In Uxbridge & South Ruislip there are seventeen candidates. The interesting thing is that Reform UK are not contesting this one, and have presumably done a deal with Reclaim’s Laurence Fox – his party’s second parliamentary candidate after a disastrous debut by Fox’s then deputy Martin Daubney, who polled less than 1% at North Shropshire in 2021.
As well as Fox, the Uxbridge ballot paper includes the anti-vaxxer Piers Corbyn (brother of the former Labour leader), and UKIP’s deputy leader Rebecca Jane (aka Rebecca Jane Sutton) who has an eccentric background even by her party’s standards. She was born in Barrowford (near Pendle, Lancashire) and used to live in Burnley, where her jobs included working as a Marilyn Monroe lookalike and running a private detective agency. She has also ‘starred’ in a couple of reality TV series including Big Brother.
There are four independents, two of whom are single-issue campaigners who have changed their names to include the words ‘Anti-Ulez’ and ‘No-Ulez’ (referring to the controversial ‘Ultra Low Emission Zone’ that imposes charges on the most polluting vehicles. This was originally a Boris Johnson policy, approved in theory when he was Mayor, but Sadiq Khan was Mayor by the time it was implemented.
Others on the Uxbridge ballot paper include the SDP, Christian Peoples Alliance (whose candidate is, as usual, an African) and Rejoin EU, as well as the Climate Party mentioned above.
By comparison to the other two 20th July by-elections, Somerton & Frome has a conventional ballot paper with just eight candidates, including Reform UK and UKIP. This is the only one of the three by-elections where Nigel Farage’s new party and his old party are fighting each other.

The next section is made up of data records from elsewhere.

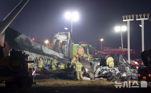 [무안=뉴시스] 김선웅 기자 = 29일 전남 무안국제공항에서 발생한 태국발 제주항공 여객기 충돌 폭발 사고 현장에서 소방대원들이 야간 수색 작업을 진행하고 있다. 2024.12.29. mangusta@newsis.com |
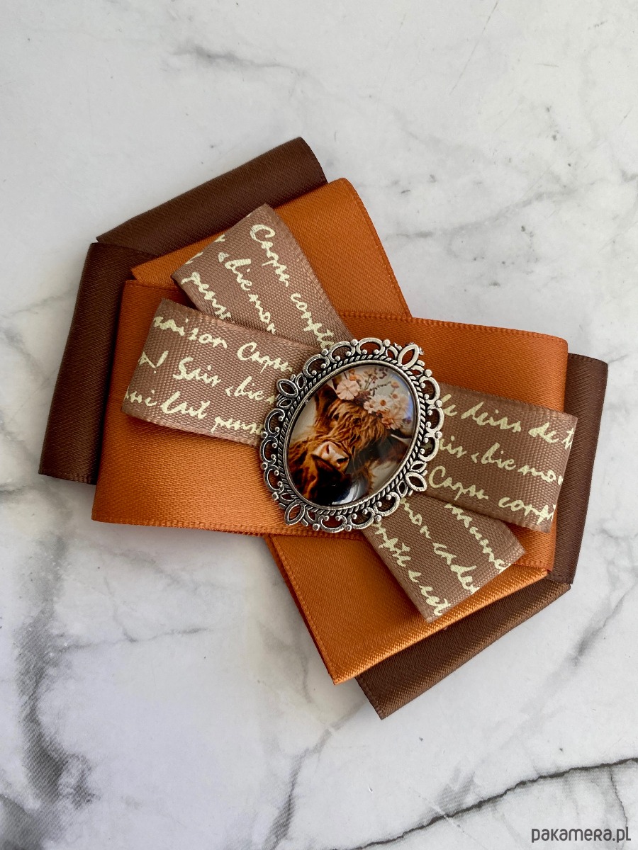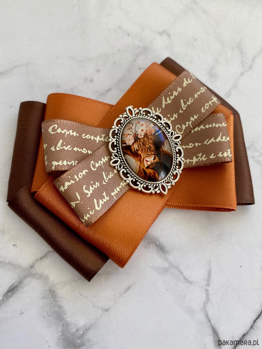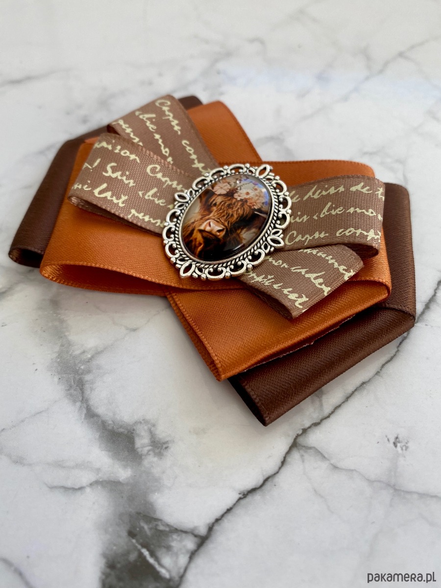 Broszka wykonana z wysokiej jakości taśm i dodatków.
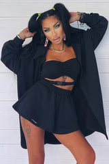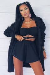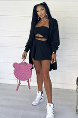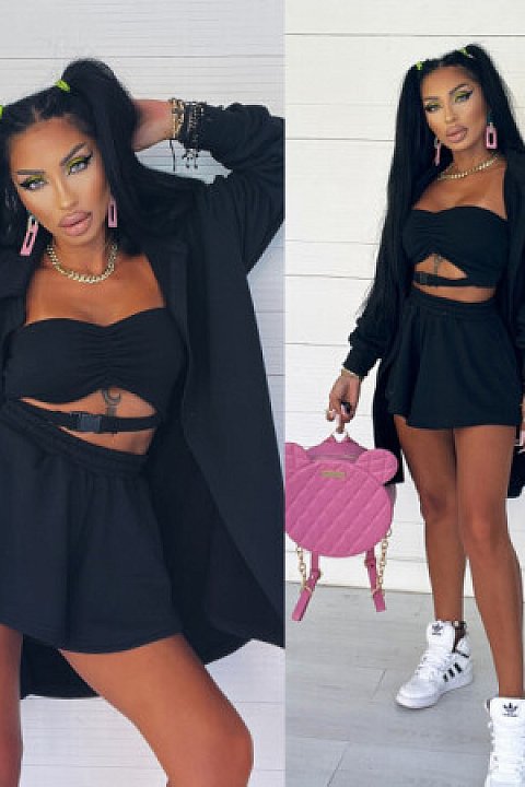 Completo sportivo composto da top a fascia con cut out e fibbia ad incastro a contrasto, felpa lunga e aperta con colletto e pantaloncini con fascia elastica arricciata.
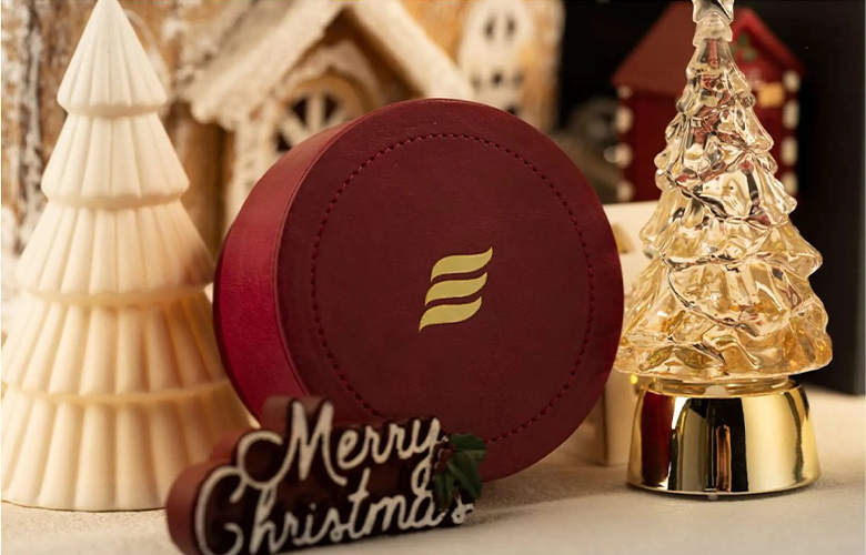這款聖誕限量版耳機線,搭配專屬設計的 聖誕收納盒。酒紅色皮革外觀,如熱紅酒般溫暖,喚起聖誕團聚的氛圍。

The Mid Bedfordshire by-election date hasn’t yet been set, but I’d guess will be September or October.
And it seems possible there will be a by-election in Tamworth, because there’s a report due to be published on the homosexual Tory Chris Pincher who had to resign as deputy chief whip after a scandal that helped bring down Boris. Pincher lost the Tory whip in July last year but has remained as an independent MP for the last 12 months while the investigation continued.
The bad news for failing Prime Minister Rishi Sunk is that both Mid Bedfordshire and Tamworth are very safe Tory seats. If his party loses either or both of these, in addition to the pretty certain defeat at Uxbridge, and the fairly likely defeats at Selby & Ainsty and Somerton & Frome, then it’s not impossible the Tories might seek another very late change of leader before next year’s General Election.
And the bad news for H&D readers is that despite the Tory collapse, Reform UK’s continuing failure, and widespread distrust of Labour – there is no sign whatsoever of even a vaguely credible movement party. In 1972 the Uxbridge by-election proved that the National Front was a serious party, and ignited that party’s most successful period during the mid-1970s. More than half a century later, this year’s Uxbridge contest is likely to prove both that civic nationalism and single issue obsessions are electorally bankrupt, and that there is a political vacuum waiting to be filled by any racial nationalist party that can get its act together on a national scale.